▶ _TASK DESCRIPTION_
If a record holds a picture, drop the picture and return the rest of the record word for word.

INPUT RECORDS section start

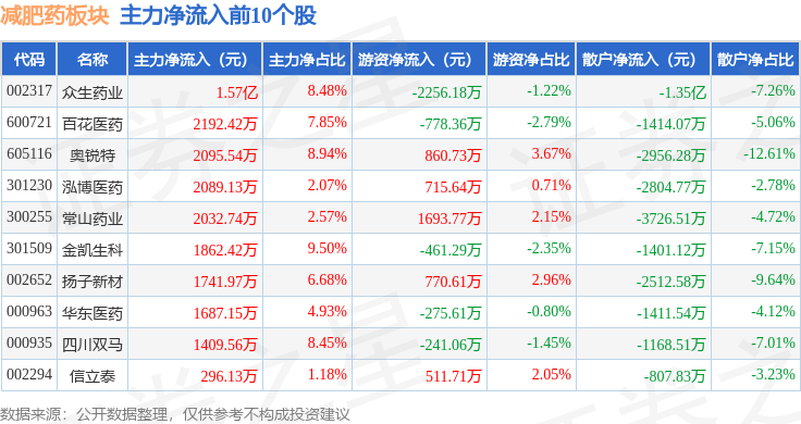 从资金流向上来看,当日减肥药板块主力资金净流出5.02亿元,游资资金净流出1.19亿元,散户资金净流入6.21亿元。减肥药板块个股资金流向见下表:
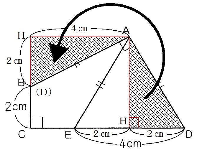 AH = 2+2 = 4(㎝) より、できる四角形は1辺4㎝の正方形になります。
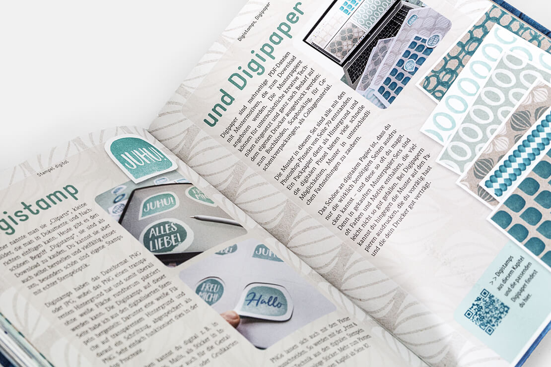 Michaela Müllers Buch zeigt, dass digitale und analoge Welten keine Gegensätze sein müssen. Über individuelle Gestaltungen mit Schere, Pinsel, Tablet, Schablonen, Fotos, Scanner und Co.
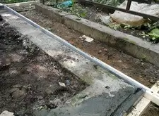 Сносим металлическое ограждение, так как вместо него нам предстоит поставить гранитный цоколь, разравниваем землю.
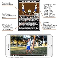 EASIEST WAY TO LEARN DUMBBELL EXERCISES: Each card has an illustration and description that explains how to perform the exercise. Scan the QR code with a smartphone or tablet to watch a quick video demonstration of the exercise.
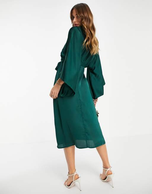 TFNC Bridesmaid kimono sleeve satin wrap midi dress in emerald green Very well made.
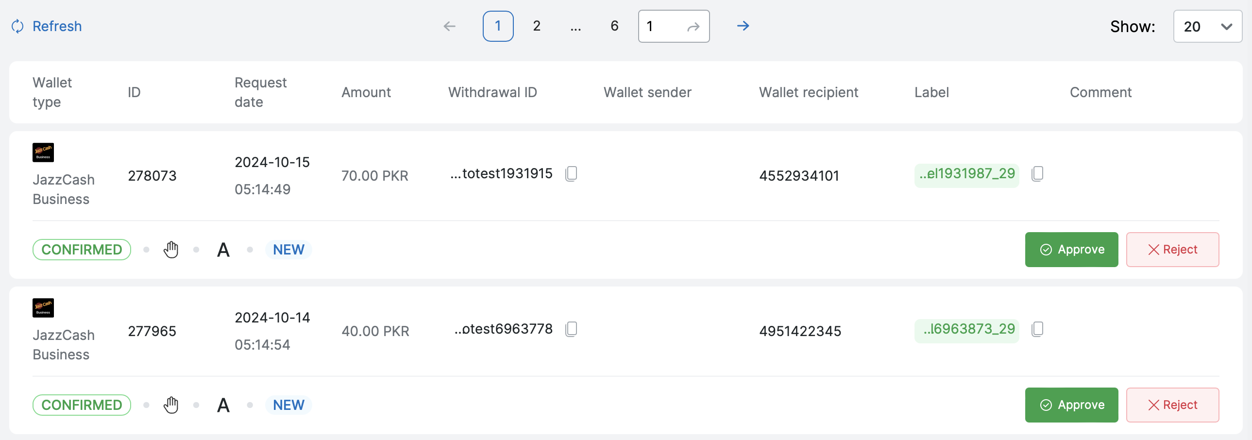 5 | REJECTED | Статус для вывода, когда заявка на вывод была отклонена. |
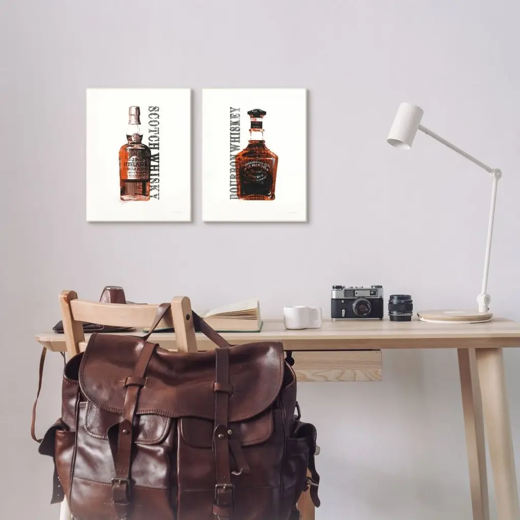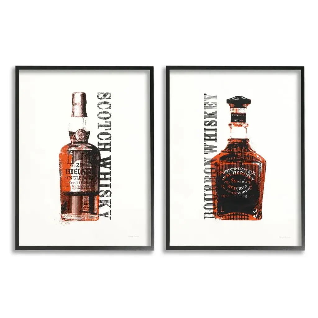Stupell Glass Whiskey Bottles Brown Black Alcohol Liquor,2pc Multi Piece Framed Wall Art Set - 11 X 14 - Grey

INPUT RECORDS section end

▶ _OUTPUT BELOW_
 从资金流向上来看,当日减肥药板块主力资金净流出5.02亿元,游资资金净流出1.19亿元,散户资金净流入6.21亿元。减肥药板块个股资金流向见下表:
 AH = 2+2 = 4(㎝) より、できる四角形は1辺4㎝の正方形になります。
 Michaela Müllers Buch zeigt, dass digitale und analoge Welten keine Gegensätze sein müssen. Über individuelle Gestaltungen mit Schere, Pinsel, Tablet, Schablonen, Fotos, Scanner und Co.
 Сносим металлическое ограждение, так как вместо него нам предстоит поставить гранитный цоколь, разравниваем землю.
 EASIEST WAY TO LEARN DUMBBELL EXERCISES: Each card has an illustration and description that explains how to perform the exercise. Scan the QR code with a smartphone or tablet to watch a quick video demonstration of the exercise.
 TFNC Bridesmaid kimono sleeve satin wrap midi dress in emerald green Very well made.
 5 | REJECTED | Статус для вывода, когда заявка на вывод была отклонена. |
Stupell Glass Whiskey Bottles Brown Black Alcohol Liquor,2pc Multi Piece Framed Wall Art Set - 11 X 14 - Grey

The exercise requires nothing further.